Delayed deletion with Data Ageout#

Replication often serves as the last line of protection against lost data from peers. To further prevent accidental data loss, the replication engine will, by default, only “lazily” delete shards when ageout is enabled. For example, if Node A replicates data to Node B, and Node A ages out a shard, deleting it from hot or cold, Node B will not immediately delete that shard from replication. Instead, it will make the shard unavailable for search, but leave it intact in replication storage. If and when the replication engine needs to delete old shards due to a storage constraint, it will delete these shards first.

This behavior can be changed by setting the Delete-Delay parameter in the replication configuration. For example:

[Replication]
	Disable-Server=true
	Peer=10.0.01
	Storage-Location=/opt/gravwell/replication_storage
	Delete-Delay=7d

In the above example, deleted shards will only be retained in the manner above for 7 days. After that time, the shards will be deleted regardless of storage constraints.

Troubleshooting#

Below are potential problems and solutions when debugging a replication problem.
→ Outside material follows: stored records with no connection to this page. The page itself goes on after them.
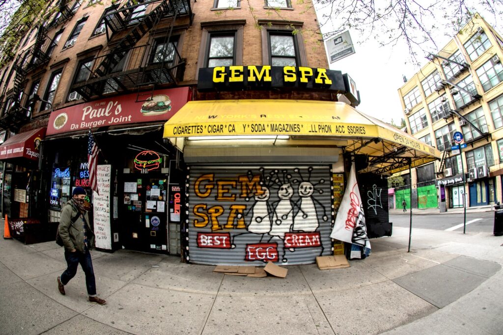 Pandemi sırasında birçok işletme kapılarını kapatma durumunda kaldı. East Village’da konumlanan şekerci dükkanı olan Gem Spa, salgın öncesi de ekonomik sıkıntılarla mücadele ediyordu ve 9 Mayıs itibariyle kalıcı olarak kapanmıştı. Çelik kapılar üzerine yapılan grafitti, 1950’lere kadar farklı bir isimle, 1920’lerden beri açık olan Gem Spa için özel düşünülmüş. Dükkan kapalı olsa da eski müşterilerine veya hiç uğramamış olan insanlara yine de mağazayı tanıtmanın güzel yollarından biri..
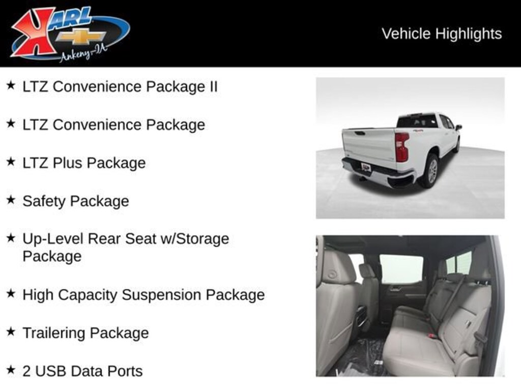 Factory MSRP: $65,490 $5,750 off MSRP! Priced below KBB Fair Purchase Price! 10-Speed Automatic, 4WD, Gideon/Very Dk Atmosphere Leather, 12.3 Multicolor Reconfigurable Digital Display, 2 USB Data Ports, 2nd Row Heated Outboard Seats, Adaptive Cruise Control, Air Conditioning, Apple CarPlay/Android Auto, Auto-Dimming Inside Rear-View Mirror, Chevytec Spray-On Black Bedliner, Dual Rear USB Ports (Charge Only), Electric Rear-Window Defogger, Floor Mounted Center Console, Forward Collision Alert, Front Pedestrian Braking, Front reading lights, HD Surround Vision, Heated door mirrors, High Capacity Suspension Package, Hitch Guidance, LED Cargo Area Lighting, LTZ Convenience Package, LTZ Convenience Package II, LTZ Plus Package, Perimeter Lighting, Power driver seat, Power Front Windows w/Driver Express Up/Down, Power Sliding Rear Window w/Rear Defogger, Power steering, Power Tailgate, Power Tilt & Telescoping Steering Column, Power windows, Premium audio system: Chevrolet Infotainment 3 Premium, Premium Bose 7-Speaker Sound System, Rear Cross Traffic Braking, Rear Pedestrian Alert, Rear Wheelhouse Liners, Remote Vehicle Starter System, Safety Alert Seat, Safety Package, Standard Tailgate, Tire Pressure Monitoring System, Trailer Camera Provisions, Trailer Side Blind Zone Alert, Trailering Package, Ultrasonic Front & Rear Park Assist, Universal Home Remote, Up-Level Rear Seat w/Storage Package, Ventilated Driver & Front Passenger Seats, Wheels: 20 x 9 Sterling Silver Painted Aluminum, Wireless Charging.
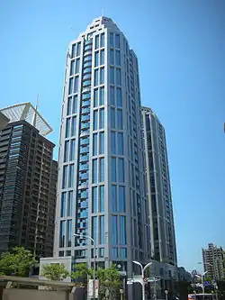 The Panhsin Twin Towers[2] (Chinese: 板信雙子星花園廣場; pinyin: Bǎnxìn Shuāng Zǐxīng Huāyuán Guǎngchǎng) is a skyscraper in Banqiao District, New Taipei, Taiwan. It is the sixth tallest building in Taiwan and the tallest in New Taipei City. The height of building is 180 m, the floor area is 100,670.03m2, and it comprises 34 floors (Tower A) and 32 floors (Tower B) above ground, as well as 7 basement levels.[1] Panhsin Twin Towers is the seat of headquarter of Bank Of Panshin (zh:板信商業銀行).
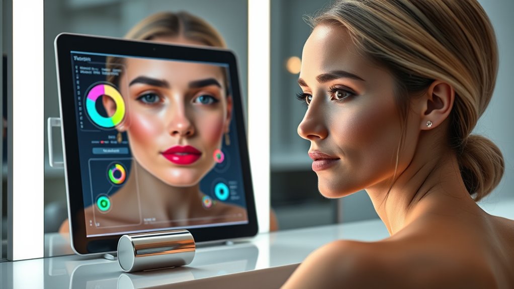 Data-driven algorithms analyze vast amounts of personal skincare information to deliver highly accurate product recommendations. You’re matched with products that directly address your skin concerns, whether it’s reducing wrinkles, controlling oil, or brightening dark spots. By cross-referencing your skin data with dermatology and ingredient databases, AI guarantees that each suggestion is scientifically supported and tailored specifically to you. Virtual try-ons and smart mirrors allow you to test products in real time, confirming compatibility before purchase. AI chatbots guide you through options, reducing guesswork and preventing mismatched products. This accurate matching process minimizes waste, saves you money, and boosts results, making your skincare routine more effective and personalized than ever before.
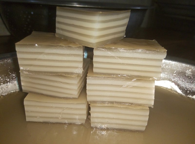 4:蒸完后取出放凉后便可切成自己喜欢的样子
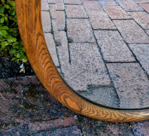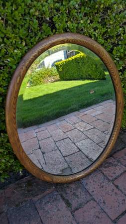 beautiful oak framed mirror with hand bevelled glass--designed to reflect head and shoulders image--the glass and wood frame are both in near perfect condition--the hand cuts are visible upon inspection of the surface of the bevel (when the sun is in the right location in the room, rainbows visit the room--
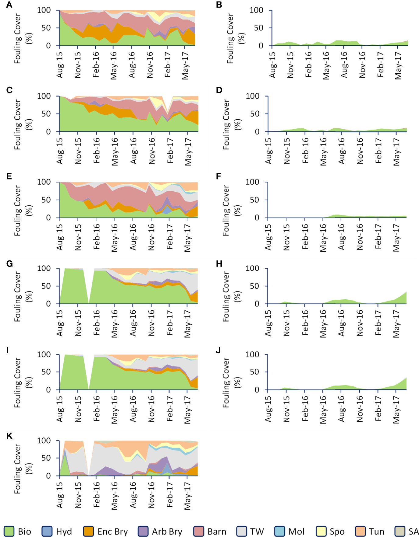 Comparison of fouling composition among the coatings. The left graphs (A, C, E, G, I, K) represent ungroomed surfaces, the right graphs (B, D, F, H, J) represent groomed surfaces. Coating order is as follows: ACA (A, B), SPC1 (C, D), SPC2 (E, F), CF1 (G, H), CF2 (I, J) and EPX (K). Bio, Biofilm; Hyd, Hydroid; Enc Bry, Encrusting Bryozoan; Arb Bry, Arborescent Bryozoan; Barn, Barnacle; TW, Tube Worm; Mol, Mollusc; Spo, Sponge; Tun, Tunicate; SA, Sea Anemone.
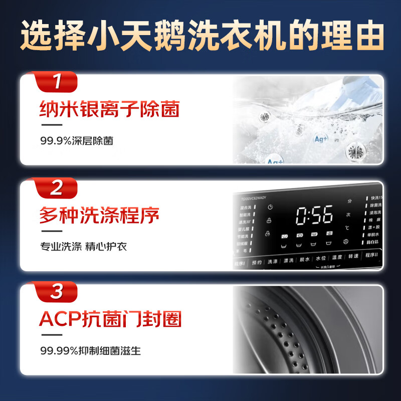 小天鹅(LittleSwan)滚筒洗衣机全自动 10公斤大容量 银离子除菌 一级能效 家用变频 WIFI智控 TG100VC62WADY价格:1768.00元!
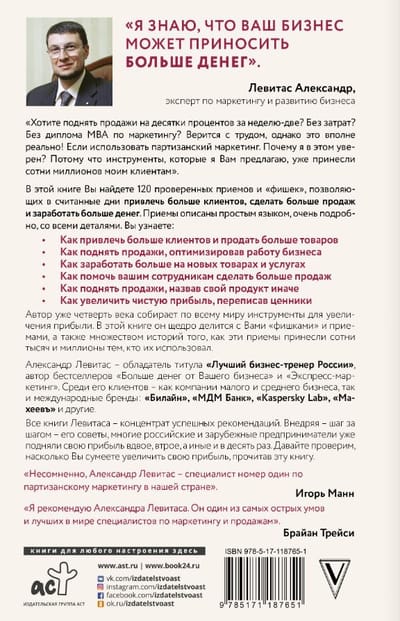 In this book you will find 120 proven techniques and "tricks" that will allow you to attract more clients, make more sales and earn more money in a matter of days. The techniques are described in simple language, in great detail, with all the details. You will learn:
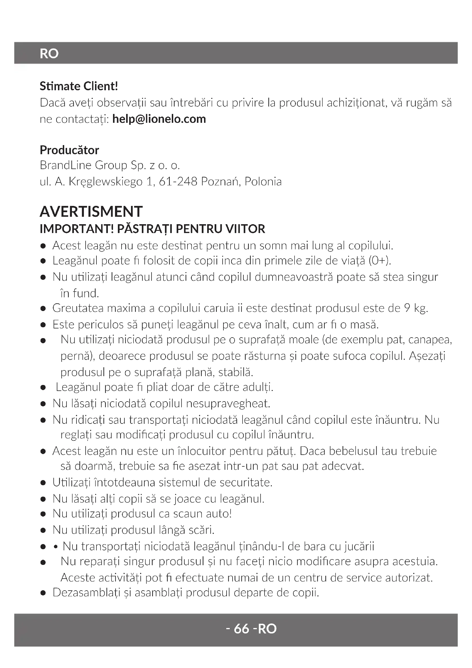 - Acest leagăn nu este un înlocuitor pentru pătuț. Daca bebelusul tau trebuie să doarmă, trebuie sa e asezat intr-un pat sau pat adecvat.

After a failure, an indexer did not restore its data#

Ensure that the indexer maintained its original Indexer-UUID value when coming back online. If the UUID changed, put it back to the original value and ensure the indexer has adequate time to restore all data. Restoration after changing the Indexer-UUID may require significantly more time as the replication system merges the two disparate data stores.

Data is not showing up in the replication Storage-Location#

Ensure that all replication peers have a common Control-Auth (or Replication-Secret-Override) value. If peers cannot authenticate with each other they will not exchange data.
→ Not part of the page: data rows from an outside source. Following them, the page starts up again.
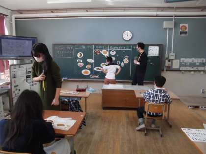 3組は,英語活動で,作った「お昼ご飯のメニュー」を紹介し合いました。主食,副食の写真を机上に並べ,英語を使って表現していきました。思い思いのメニューを英語で表すことの面白さに気付きました。
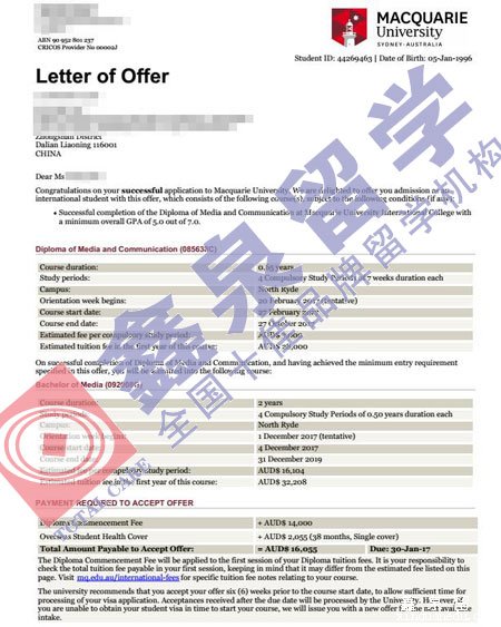 学生现在已顺利赴麦考瑞大学读书!
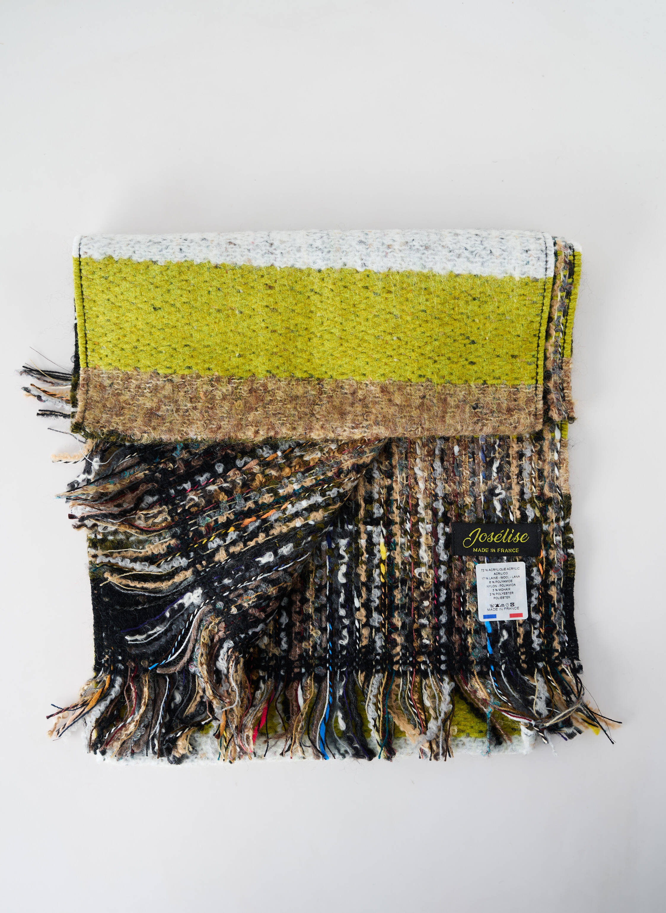 - Composition : 72 % Acrylique, 17 % Laine, 6 % Polyamide, 3 % Mohair, 2 % Polyester
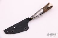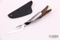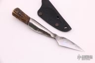 This Kiridashi by Fred Perrin features a hand forged blade with visible temper line, .147" blade stock and .613" blade depth, the handle is stag. Comes with a kydex sheath. Has a few light scratches, excellent condition.
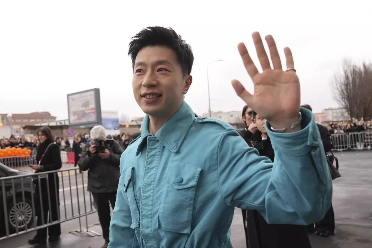 Ma Long arrives as he attends at the men's Prada Fall-Winter 2025-2026 collection show, that was presented in Milan, Italy, Sunday, Jan. 19, 2025. (AP Photo/Antonio Calanni)

Ensure that X509 certificates are signed by a valid Certificate Authority (CA) that is respected by the keystore on the host systems. If the certificate stores are not valid, either install the public keys into the host machines certificate store, or disable TLS validation via the Insecure-Skip-TLS-Verify option.

Attention

Disabling TLS verification via Insecure-Skip-TLS-Verify opens up replication to man-in-the-middle attacks. An attacker could modify data in flight, potentially corrupting logs or hiding activity in replicated data.
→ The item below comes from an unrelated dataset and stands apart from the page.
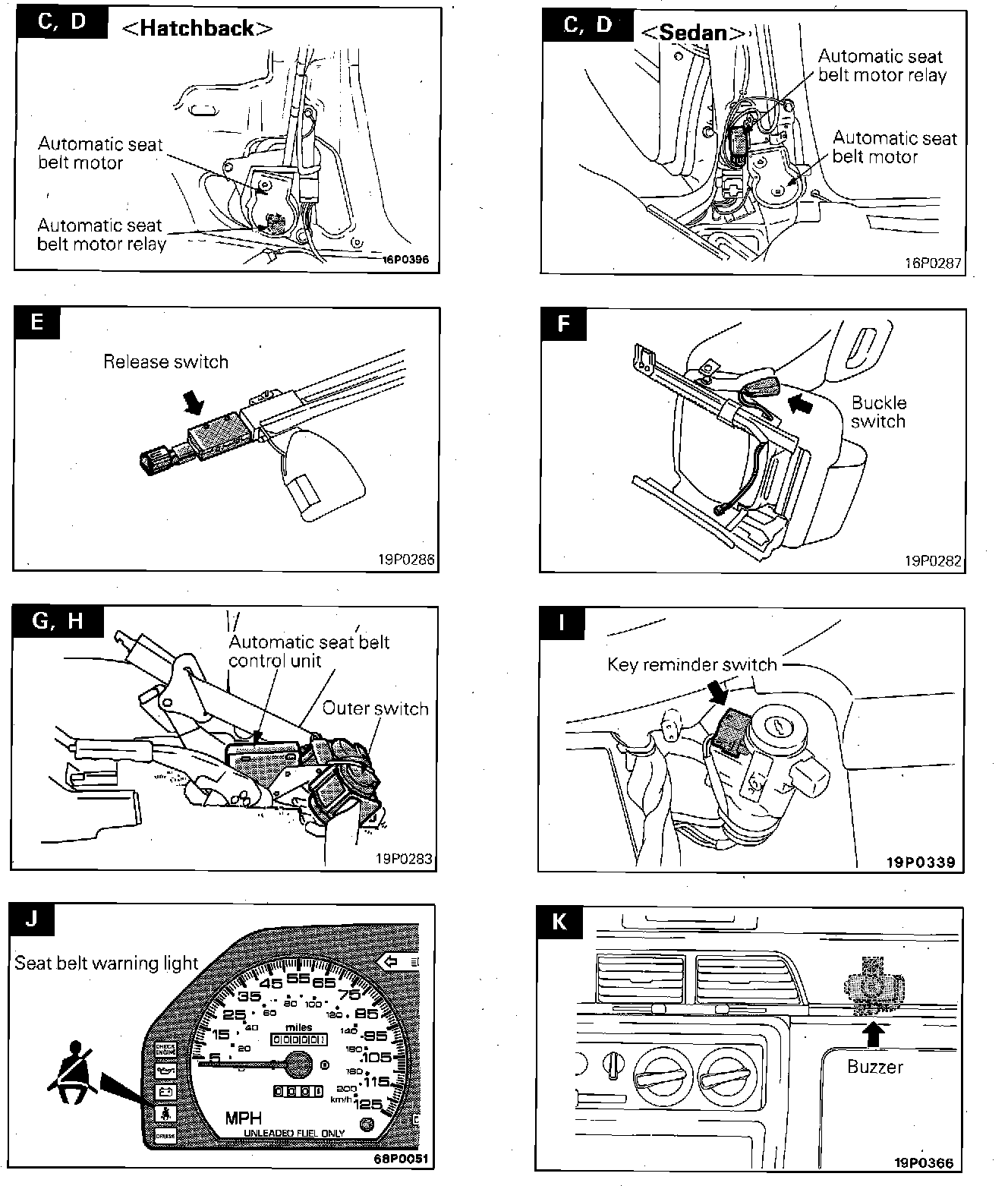 Component/Relay/Switch Locations (Automatic Seat Belt):

Check firewall rules and/or routing ACLs to ensure that indexers are allowed to communicate with one another on the specified port.

After a failure an indexer is refusing to start due to a failed tag merge#

If an indexer starts ingesting after a failure prior to restoring its tag mapping, it is possible to enter a state where the tag maps on replication nodes cannot be merged. If you encounter an unmergeable tag error, contact support@gravwell.io for assistance in manually restoring the failed node.

After a failure an indexer did not restore all its data#

Replication peers may not have been able to keep up with an indexer due to poor storage performance, poor network performance, or storage failures on the replication node. Ensure that replication peers have adequate bandwidth and storage capacity to keep up with ingestion. If a storage node is ingesting at hundreds of megabytes per second, the replication peers must be able to compute, transfer, and store the data at the same rate.

Also ensure that there was adequate storage on replication peers. If a storage node is configured to keep 10TB of cold data and 1TB of hot data, replication peers should be capable of storing at least 11TB of data. If a replication node was overloaded or misconfigured it may have been removing old data.

Ensure that the system times on replication nodes and indexers are consistent. Both systems use the wall-clock time to determine eligibility of data for removal. If an indexer has an incorrect system time, its data my be prioritized for deletion in the event a replication peer runs out of storage.